**PROBLEM TO SOLVE:**
When you copy the entries, match them exactly and omit the pictures.

**MATERIAL FOR THE TASK:**
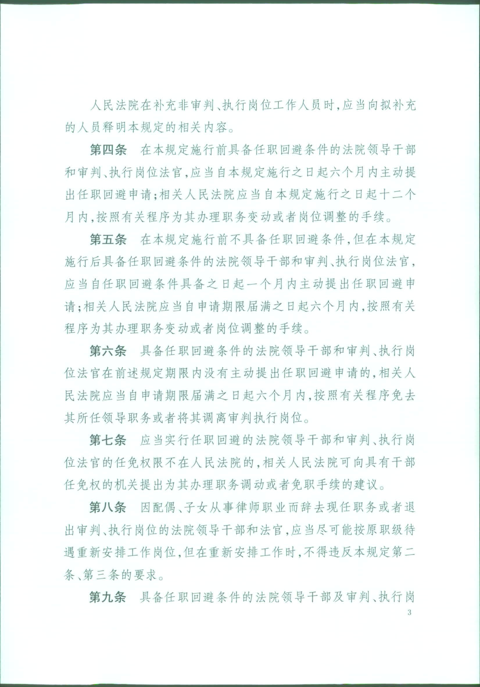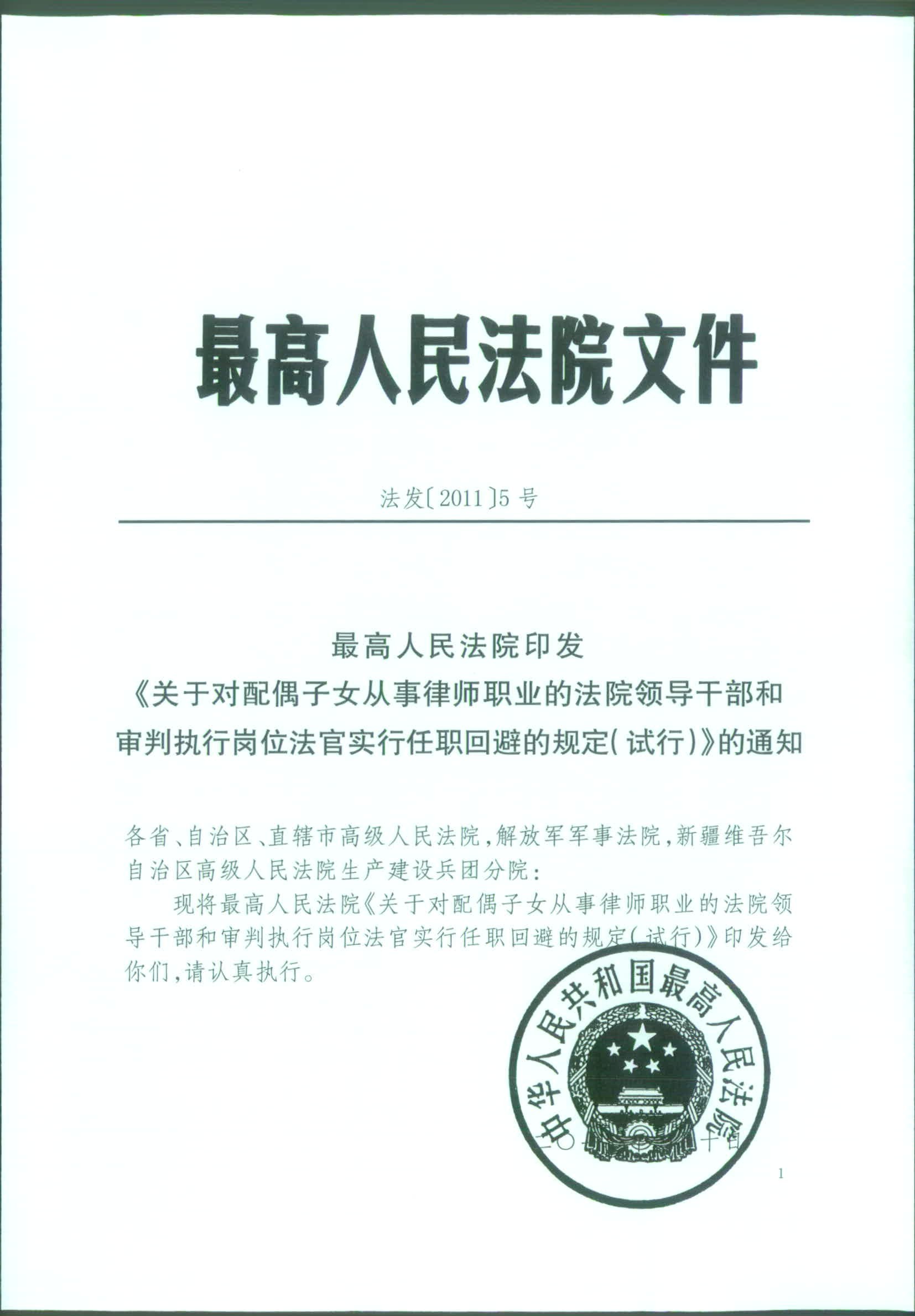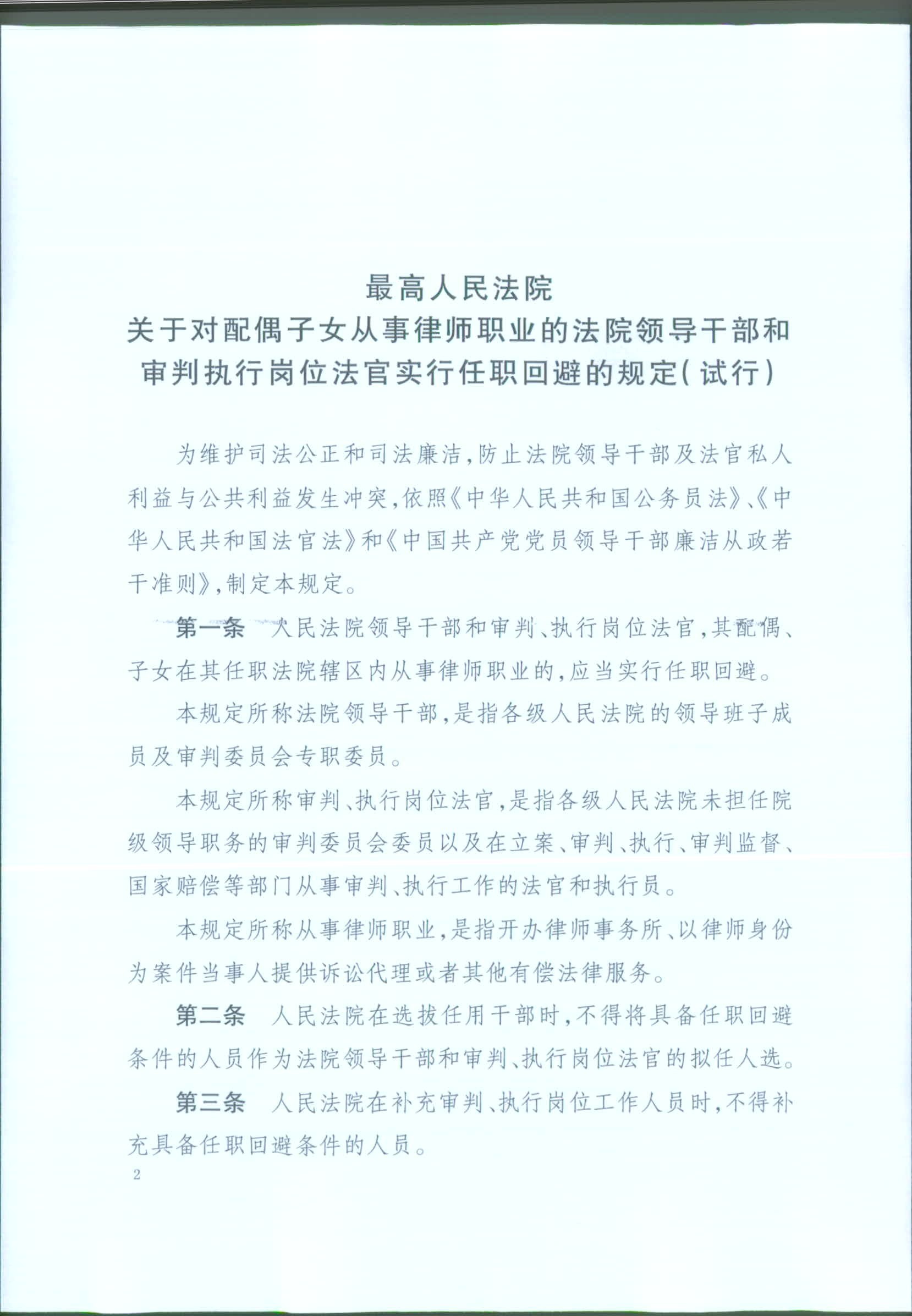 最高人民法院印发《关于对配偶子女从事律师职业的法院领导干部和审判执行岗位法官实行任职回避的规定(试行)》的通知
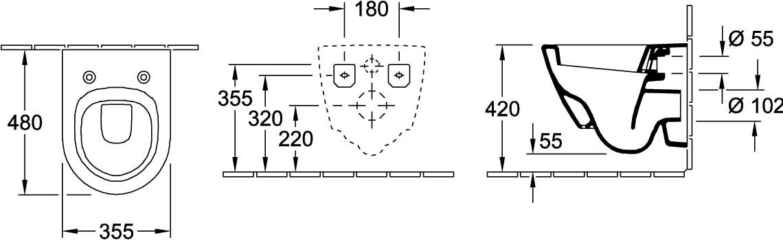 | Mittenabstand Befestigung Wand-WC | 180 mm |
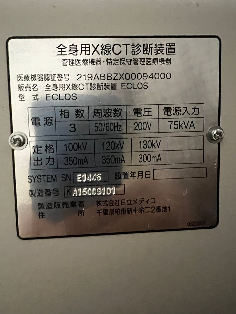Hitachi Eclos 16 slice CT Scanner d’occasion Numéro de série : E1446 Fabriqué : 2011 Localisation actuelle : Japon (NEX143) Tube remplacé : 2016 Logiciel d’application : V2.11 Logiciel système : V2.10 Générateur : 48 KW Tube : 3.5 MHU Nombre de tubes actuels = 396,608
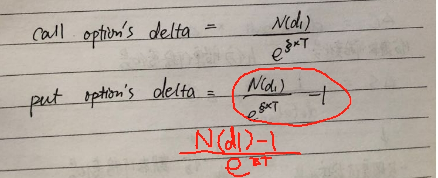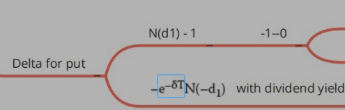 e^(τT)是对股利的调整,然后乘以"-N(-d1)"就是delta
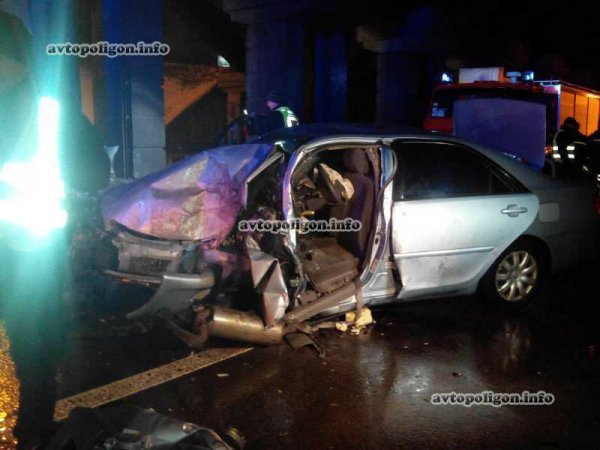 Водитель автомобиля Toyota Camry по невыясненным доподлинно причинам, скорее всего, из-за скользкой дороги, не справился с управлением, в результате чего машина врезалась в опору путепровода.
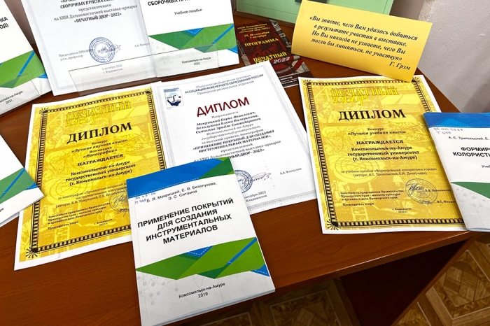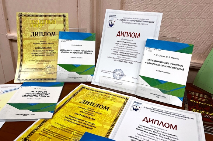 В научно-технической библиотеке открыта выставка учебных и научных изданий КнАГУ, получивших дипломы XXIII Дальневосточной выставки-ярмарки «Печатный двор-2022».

**WRITTEN ANSWER:**
 最高人民法院印发《关于对配偶子女从事律师职业的法院领导干部和审判执行岗位法官实行任职回避的规定(试行)》的通知
 | Mittenabstand Befestigung Wand-WC | 180 mm |
Hitachi Eclos 16 slice CT Scanner d’occasion Numéro de série : E1446 Fabriqué : 2011 Localisation actuelle : Japon (NEX143) Tube remplacé : 2016 Logiciel d’application : V2.11 Logiciel système : V2.10 Générateur : 48 KW Tube : 3.5 MHU Nombre de tubes actuels = 396,608
 e^(τT)是对股利的调整,然后乘以"-N(-d1)"就是delta
 Водитель автомобиля Toyota Camry по невыясненным доподлинно причинам, скорее всего, из-за скользкой дороги, не справился с управлением, в результате чего машина врезалась в опору путепровода.
 В научно-технической библиотеке открыта выставка учебных и научных изданий КнАГУ, получивших дипломы XXIII Дальневосточной выставки-ярмарки «Печатный двор-2022».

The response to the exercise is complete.